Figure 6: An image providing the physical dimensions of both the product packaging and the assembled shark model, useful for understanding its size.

- - - -

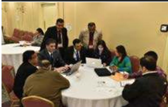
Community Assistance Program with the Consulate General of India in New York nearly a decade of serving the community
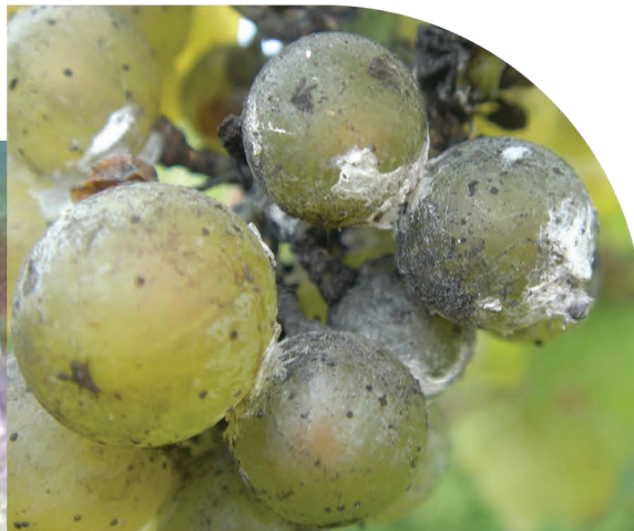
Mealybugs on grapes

- - - -

Using the data above, retype exactly the lines from the line with "Community Assistance Program" to the line with "Mealybugs on grapes", inclusive. No pictures and nothing else.

*ANSWER TO THE EXERCISE*:
Community Assistance Program with the Consulate General of India in New York nearly a decade of serving the community
Mealybugs on grapes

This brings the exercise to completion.